BEGIN Data provided

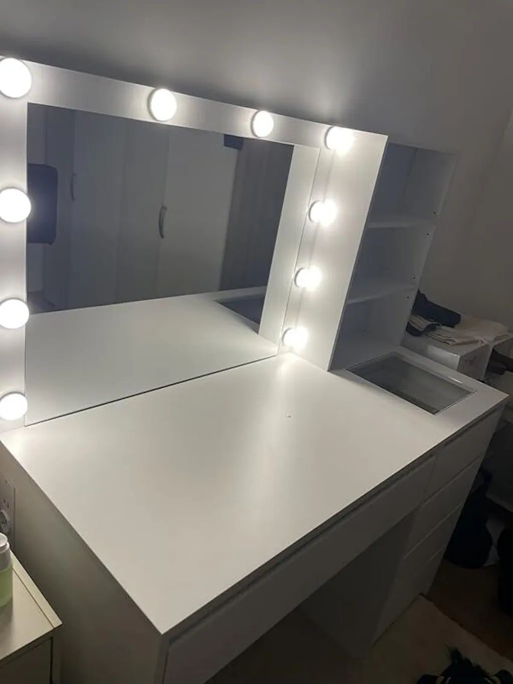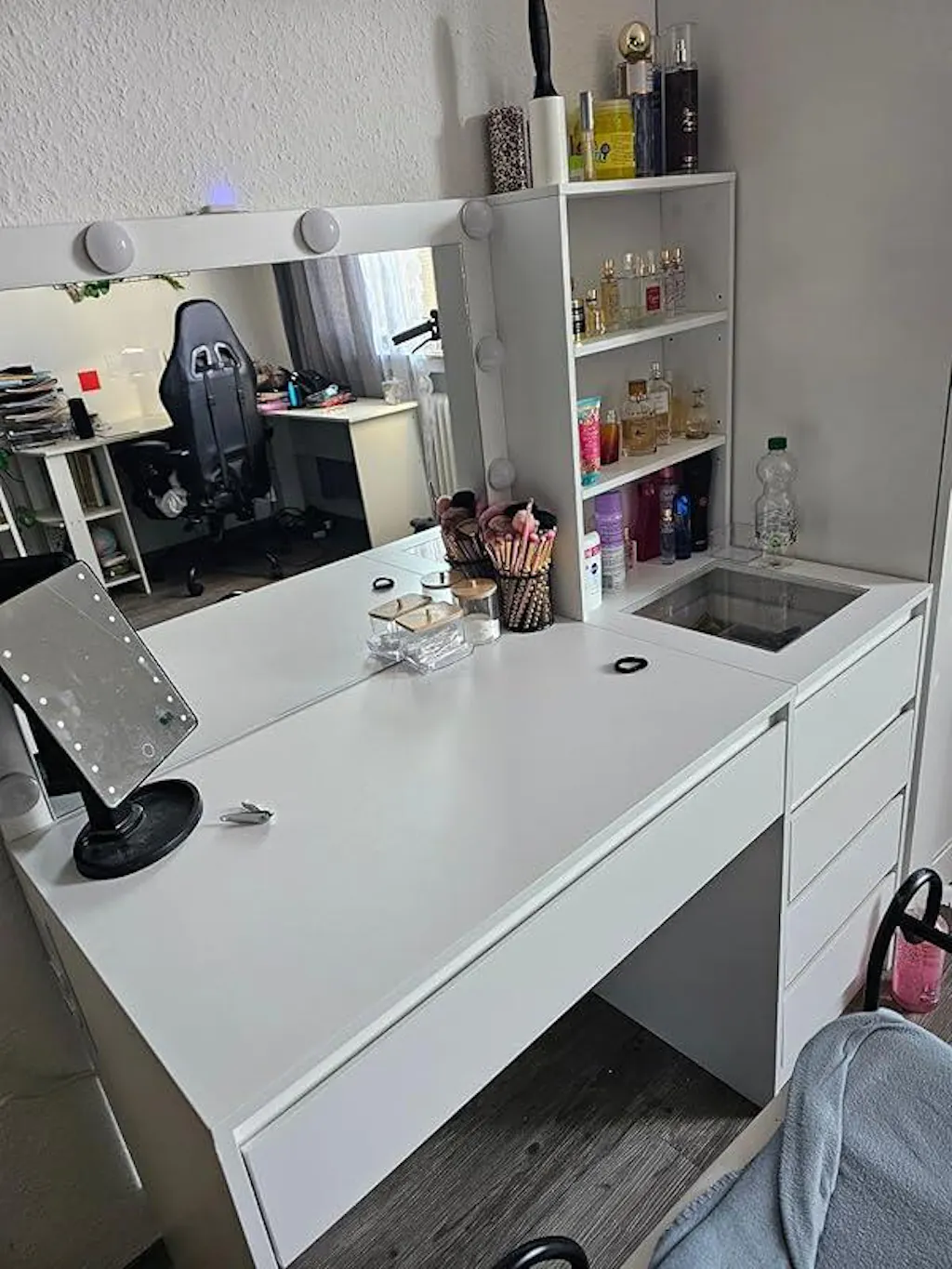 Viel Stauraum Der Schminktisch bietet 3 offene Fächer für Lippenstifte, Lidschatten, Nagellack, Hautpflegeprodukte und Parfüm. Zusätzlich gibt es 4 kleinere Schubladen und eine große Schublade für Haartrockner, Lockenstäbe, Schmuck und andere Kosmetika. Alles hat seinen Platz! Großer Spiegel mit Beleuchtung Ausgestattet mit einem großzügigen Spiegel (55 x 70 cm) und 10 dimmbaren Lampen in 3 Lichtfarben (kalt, neutral, warm). Durch langes Drücken des Schalters lässt sich die Helligkeit anpassen. Die Beleuchtung erleichtert die Hautpflege und das Make-up und sorgt für optimale Lichtverhältnisse. Praktische Ladestation Der Schminktisch verfügt über eine integrierte Steckdosenleiste, die es ermöglicht, Ihre Geräte aufzuladen. So können Sie nicht nur Ihr Handy und Tablet, sondern auch Haartrockner und Lockenstäbe verwenden, was die Anwendung schneller und einfacher macht. Individuelle Aufbewahrungslösungen Im großen Schublade befindet sich ein verstellbarer Einteiler, der je nach Größe der Gegenstände angepasst werden kann. So lassen sich Beauty-Produkte, Kosmetika wie Pinsel, Make-up-Schwämme, Sonnenbrillen und Uhren ordentlich verstauen. Die zwei Regale sind in 3 Höhen verstellbar, um Ihre Hautpflegeprodukte optimal unterzubringen. Schublade mit Glasoberfläche für Schmuck Der Schminktisch ist mit einer transparenten Schmuckschublade ausgestattet, in der Ringe, Ohrringe, Halsketten und Armbänder sicher aufbewahrt werden können. Die verstärkte Glasoberfläche ist nicht nur ästhetisch ansprechend, sondern ermöglicht auch einen ständigen Blick auf Ihren Lieblingsschmuck. Lieferung und Montage Der Schminktisch wird in zwei Paketen geliefert, die möglicherweise zu unterschiedlichen Zeiten ankommen. Bitte warten Sie mit der Montage, bis Sie beide Pakete erhalten haben. Sollten Sie einen beschädigten Schminktisch oder fehlende Teile erhalten, zögern Sie nicht, uns zu kontaktieren. Wir sind jederzeit für Sie da!
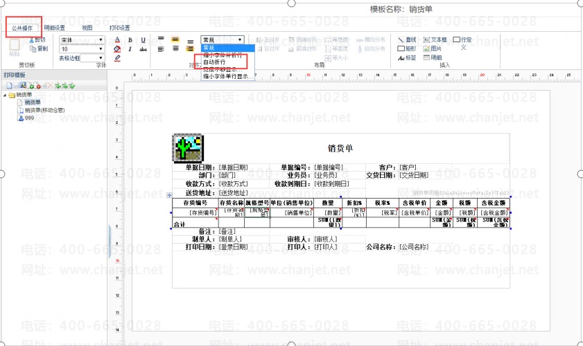 打印模版中【公共操作】针对明细设置【自动折行】
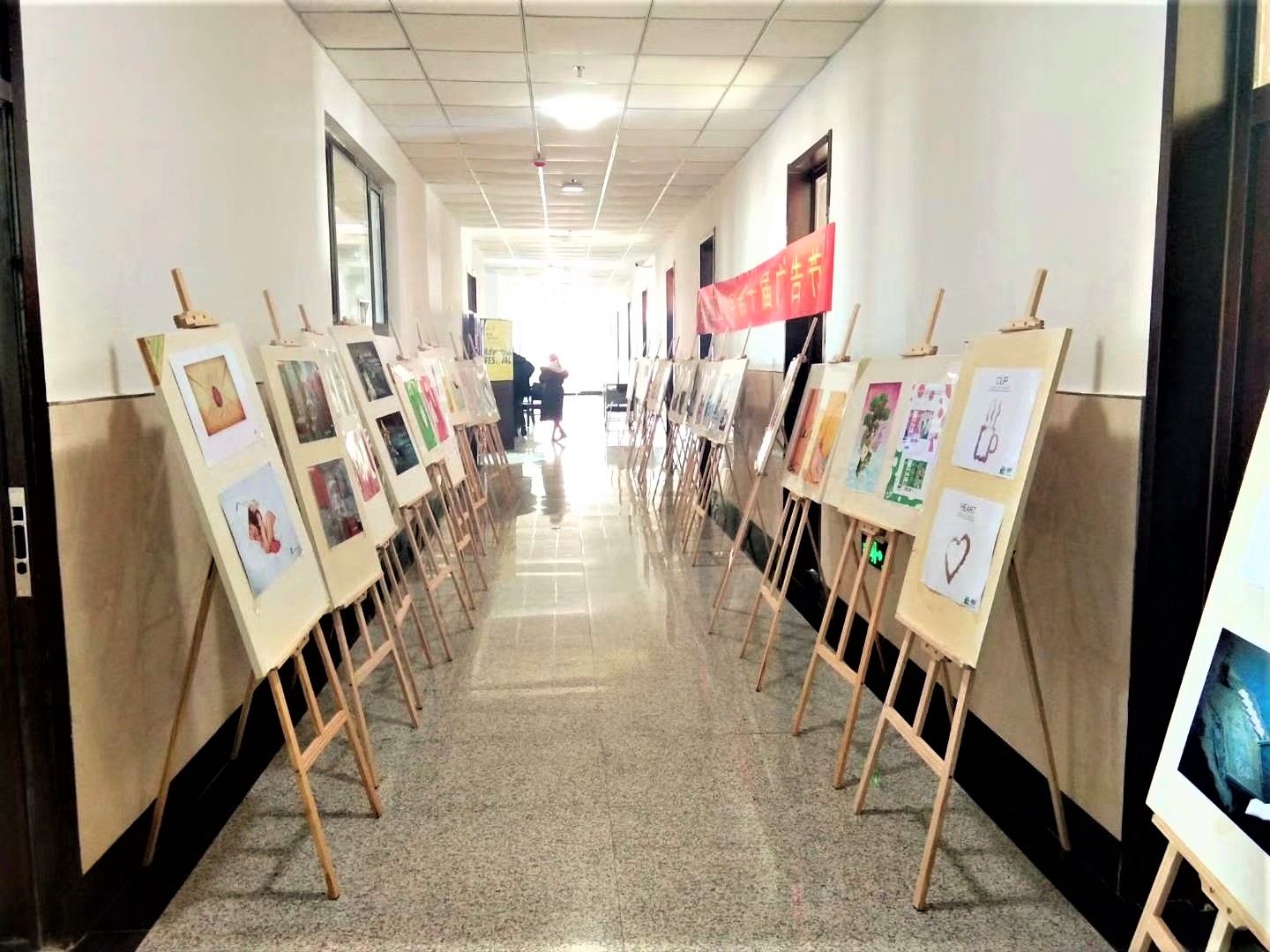 精彩的节目表演后,广告节开启了系列活动——获奖作品展览、学习经验交流总结会。共展出了百余件获奖平面、策划作品。师生们驻足于展区,观摩探讨,拍照留存。作品的集萃不仅为前来观摩的广大师生献上了一场视觉盛宴,更提供了各年级之间学习与交流的机会。
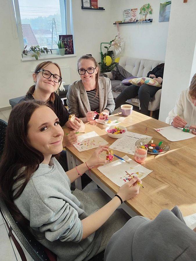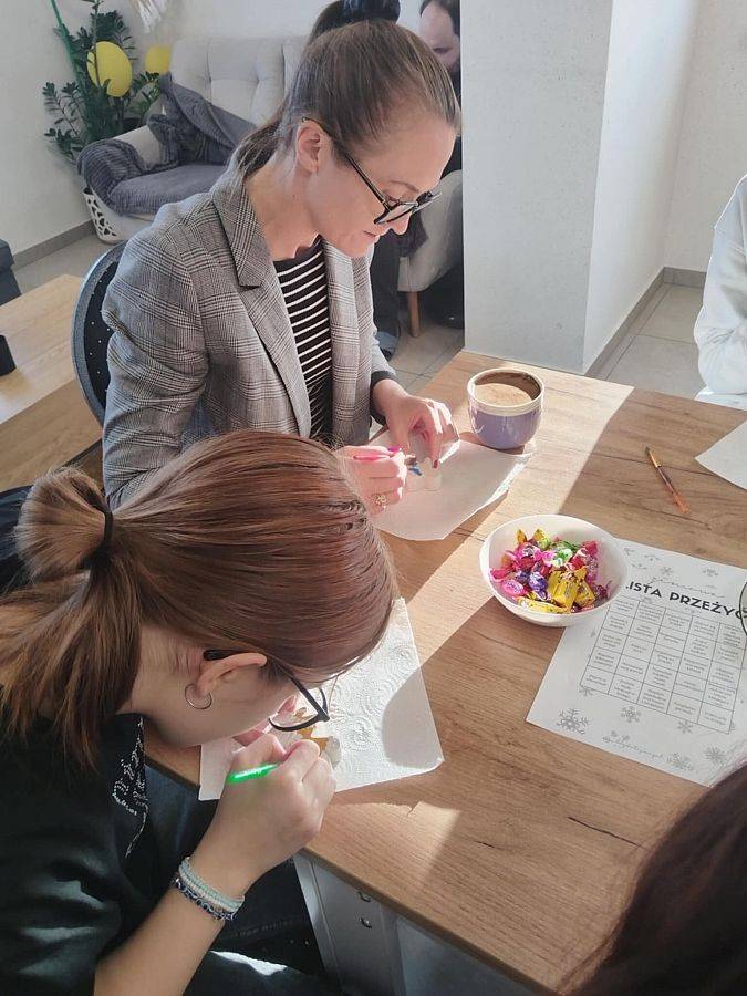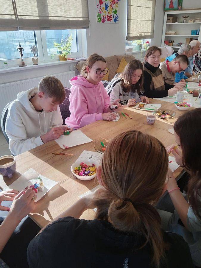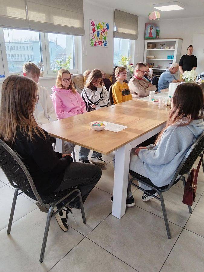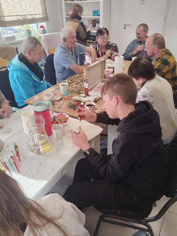 Podczas wizyty młodzież przygotowała dla seniorów świąteczne warsztaty plastyczne. Wspólnie wykonywano gipsowe figurki, które następnie ozdabiano według własnych pomysłów. Spotkanie przebiegło w radosnej, pełnej serdeczności atmosferze, a wspólna praca stała się okazją do rozmów, wymiany doświadczeń i budowania międzypokoleniowych relacji.
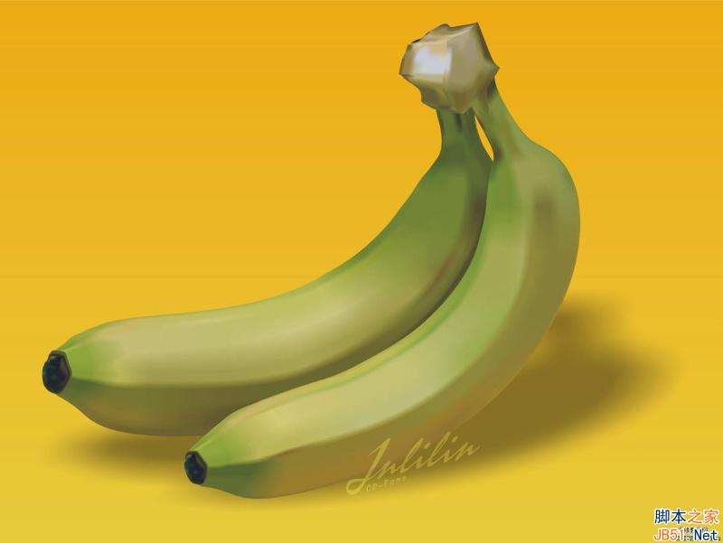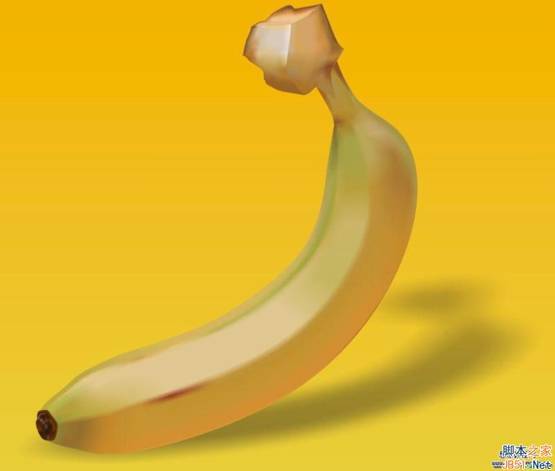 度起关键作用,如果控制柄很短,则颜色渐变会显得生硬。下图是基本着色完成的一个香蕉。
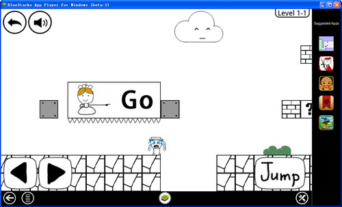 暴走大冒险中你要控制B君去救每关关底的尼玛公主,操作方面,在下面可以看到左右跟跳跃的按键。左右控制方向,JUMP跳跃。但以为游戏这么简单就弱爆了,暴走大冒险中地塌危房什么的都有,草丛还带德玛西亚什么的,还有意想不到的隐藏砖块。可能刚开始的时候你会说,什么都没有啊,看起来都很正常。恩,的确只是“看”起来正常而已……当你真正进入游戏后,才会发现,原本在你印象中非常安全的行为都变成触发各种陷阱机关的导火索,然后等待你的就是大大的“LOSE”!
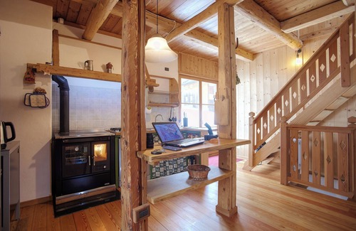 Panoramic chalet converted from an early 1900s barn, surrounded by nature at 1,550 m. Spread over 4 floors: spacious living area with fully equipped kitchen and large windows overlooking the mountains, 2 terraces, 3 bedrooms (2 double and 1 with a 120 cm bed), 2 bathrooms.
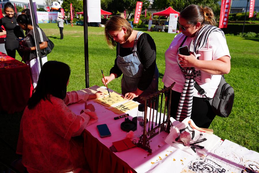 People try their hands with Chinese calligraphy during the Dragon Boat Festival in Cape Town, South Africa, May 24, 2025. (Xinhua/Wang Lei)
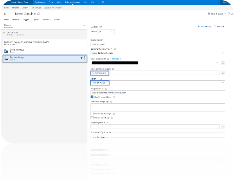 b. Configure VSTS Build and deployment tasks to Build and Update the Azure
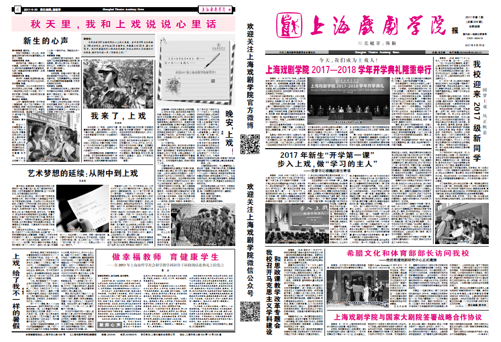 《上海戏剧学院报》2017年第7期(总第294期)已于2017年9月20日出版,本期套红,共四版。重点内容有:《今天,我们成为上戏人!上海戏剧学院2017—2018学年开学典礼隆重举行》《圆梦上戏 风正帆悬 我校迎来2017级新同学》《2017年新生“开学第一课” 步入上戏,做“学习的主人”——党委书记楼巍的新生寄语》《我校召开马克思主义学科建设和思政课教学改革专题会》等。敬请关注,也可点击下载阅读。(文、图、编辑:榕树)
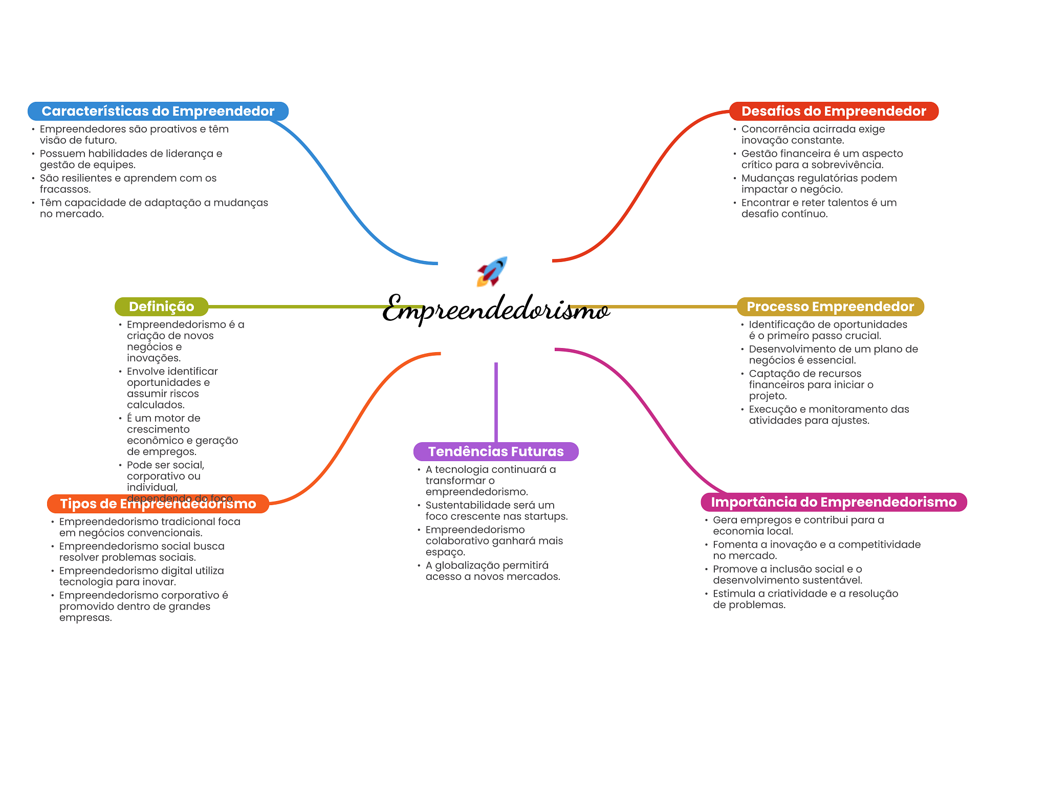 Características do Empreendedor Desafios do Empreendedor Empreendedores são proativos e têm Concorrência acirrada exige visão de futuro. inovação constante. Possuem habilidades de liderança e Gestão financeira é um aspecto gestão de equipes. crítico para a sobrevivência. São resilientes e aprendem com Mudanças regulatórias podem fracassos. impactar negócio. Têm capacidade de adaptação a mudanças Encontrar e reter talentos é um no mercado. desafio contínuo. Definição Empreendedorismo Processo Empreendedor Empreendedorismo é a Identificação de oportunidades criação de novos é primeiro passo crucial. negócios e Desenvolvimento de um plano de inovações. negócios é essencial. Envolve identificar Captação de recursos oportunidades e financeiros para iniciar assumir riscos projeto. calculados. Execução e monitoramento das É um motor de atividades para ajustes. crescimento econômico e geração de empregos. Tendências Futuras Pode ser social, A tecnologia continuará a corporativo ou transformar individual, empreendedorismo. Tipos de Empreendedorismo Sustentabilidade será um Importância do Empreendedorismo Empreendedorismo tradicional foca foco crescente nas startups. Gera empregos e contribui para a em negócios convencionais. Empreendedorismo economia local. Empreendedorismo social busca colaborativo ganhará mais Fomenta a inovação e a competitividade resolver problemas sociais. espaço. no mercado. Empreendedorismo digital utiliza A globalização permitirá Promove a inclusão social e O acesso a novos mercados. tecnologia para inovar. desenvolvimento sustentável. Empreendedorismo corporativo é Estimula a criatividade e a resolução promovido dentro de grandes de problemas. empresas.

END Data provided

About this task: Although the records contain pictures, only their text should be repeated, exactly as it appears.

Answer to this exercise:
 Viel Stauraum Der Schminktisch bietet 3 offene Fächer für Lippenstifte, Lidschatten, Nagellack, Hautpflegeprodukte und Parfüm. Zusätzlich gibt es 4 kleinere Schubladen und eine große Schublade für Haartrockner, Lockenstäbe, Schmuck und andere Kosmetika. Alles hat seinen Platz! Großer Spiegel mit Beleuchtung Ausgestattet mit einem großzügigen Spiegel (55 x 70 cm) und 10 dimmbaren Lampen in 3 Lichtfarben (kalt, neutral, warm). Durch langes Drücken des Schalters lässt sich die Helligkeit anpassen. Die Beleuchtung erleichtert die Hautpflege und das Make-up und sorgt für optimale Lichtverhältnisse. Praktische Ladestation Der Schminktisch verfügt über eine integrierte Steckdosenleiste, die es ermöglicht, Ihre Geräte aufzuladen. So können Sie nicht nur Ihr Handy und Tablet, sondern auch Haartrockner und Lockenstäbe verwenden, was die Anwendung schneller und einfacher macht. Individuelle Aufbewahrungslösungen Im großen Schublade befindet sich ein verstellbarer Einteiler, der je nach Größe der Gegenstände angepasst werden kann. So lassen sich Beauty-Produkte, Kosmetika wie Pinsel, Make-up-Schwämme, Sonnenbrillen und Uhren ordentlich verstauen. Die zwei Regale sind in 3 Höhen verstellbar, um Ihre Hautpflegeprodukte optimal unterzubringen. Schublade mit Glasoberfläche für Schmuck Der Schminktisch ist mit einer transparenten Schmuckschublade ausgestattet, in der Ringe, Ohrringe, Halsketten und Armbänder sicher aufbewahrt werden können. Die verstärkte Glasoberfläche ist nicht nur ästhetisch ansprechend, sondern ermöglicht auch einen ständigen Blick auf Ihren Lieblingsschmuck. Lieferung und Montage Der Schminktisch wird in zwei Paketen geliefert, die möglicherweise zu unterschiedlichen Zeiten ankommen. Bitte warten Sie mit der Montage, bis Sie beide Pakete erhalten haben. Sollten Sie einen beschädigten Schminktisch oder fehlende Teile erhalten, zögern Sie nicht, uns zu kontaktieren. Wir sind jederzeit für Sie da!
 打印模版中【公共操作】针对明细设置【自动折行】
 精彩的节目表演后,广告节开启了系列活动——获奖作品展览、学习经验交流总结会。共展出了百余件获奖平面、策划作品。师生们驻足于展区,观摩探讨,拍照留存。作品的集萃不仅为前来观摩的广大师生献上了一场视觉盛宴,更提供了各年级之间学习与交流的机会。
 Podczas wizyty młodzież przygotowała dla seniorów świąteczne warsztaty plastyczne. Wspólnie wykonywano gipsowe figurki, które następnie ozdabiano według własnych pomysłów. Spotkanie przebiegło w radosnej, pełnej serdeczności atmosferze, a wspólna praca stała się okazją do rozmów, wymiany doświadczeń i budowania międzypokoleniowych relacji.
 度起关键作用,如果控制柄很短,则颜色渐变会显得生硬。下图是基本着色完成的一个香蕉。
 暴走大冒险中你要控制B君去救每关关底的尼玛公主,操作方面,在下面可以看到左右跟跳跃的按键。左右控制方向,JUMP跳跃。但以为游戏这么简单就弱爆了,暴走大冒险中地塌危房什么的都有,草丛还带德玛西亚什么的,还有意想不到的隐藏砖块。可能刚开始的时候你会说,什么都没有啊,看起来都很正常。恩,的确只是“看”起来正常而已……当你真正进入游戏后,才会发现,原本在你印象中非常安全的行为都变成触发各种陷阱机关的导火索,然后等待你的就是大大的“LOSE”!
 Panoramic chalet converted from an early 1900s barn, surrounded by nature at 1,550 m. Spread over 4 floors: spacious living area with fully equipped kitchen and large windows overlooking the mountains, 2 terraces, 3 bedrooms (2 double and 1 with a 120 cm bed), 2 bathrooms.
 People try their hands with Chinese calligraphy during the Dragon Boat Festival in Cape Town, South Africa, May 24, 2025. (Xinhua/Wang Lei)
 b. Configure VSTS Build and deployment tasks to Build and Update the Azure
 《上海戏剧学院报》2017年第7期(总第294期)已于2017年9月20日出版,本期套红,共四版。重点内容有:《今天,我们成为上戏人!上海戏剧学院2017—2018学年开学典礼隆重举行》《圆梦上戏 风正帆悬 我校迎来2017级新同学》《2017年新生“开学第一课” 步入上戏,做“学习的主人”——党委书记楼巍的新生寄语》《我校召开马克思主义学科建设和思政课教学改革专题会》等。敬请关注,也可点击下载阅读。(文、图、编辑:榕树)
 Características do Empreendedor Desafios do Empreendedor Empreendedores são proativos e têm Concorrência acirrada exige visão de futuro. inovação constante. Possuem habilidades de liderança e Gestão financeira é um aspecto gestão de equipes. crítico para a sobrevivência. São resilientes e aprendem com Mudanças regulatórias podem fracassos. impactar negócio. Têm capacidade de adaptação a mudanças Encontrar e reter talentos é um no mercado. desafio contínuo. Definição Empreendedorismo Processo Empreendedor Empreendedorismo é a Identificação de oportunidades criação de novos é primeiro passo crucial. negócios e Desenvolvimento de um plano de inovações. negócios é essencial. Envolve identificar Captação de recursos oportunidades e financeiros para iniciar assumir riscos projeto. calculados. Execução e monitoramento das É um motor de atividades para ajustes. crescimento econômico e geração de empregos. Tendências Futuras Pode ser social, A tecnologia continuará a corporativo ou transformar individual, empreendedorismo. Tipos de Empreendedorismo Sustentabilidade será um Importância do Empreendedorismo Empreendedorismo tradicional foca foco crescente nas startups. Gera empregos e contribui para a em negócios convencionais. Empreendedorismo economia local. Empreendedorismo social busca colaborativo ganhará mais Fomenta a inovação e a competitividade resolver problemas sociais. espaço. no mercado. Empreendedorismo digital utiliza A globalização permitirá Promove a inclusão social e O acesso a novos mercados. tecnologia para inovar. desenvolvimento sustentável. Empreendedorismo corporativo é Estimula a criatividade e a resolução promovido dentro de grandes de problemas. empresas.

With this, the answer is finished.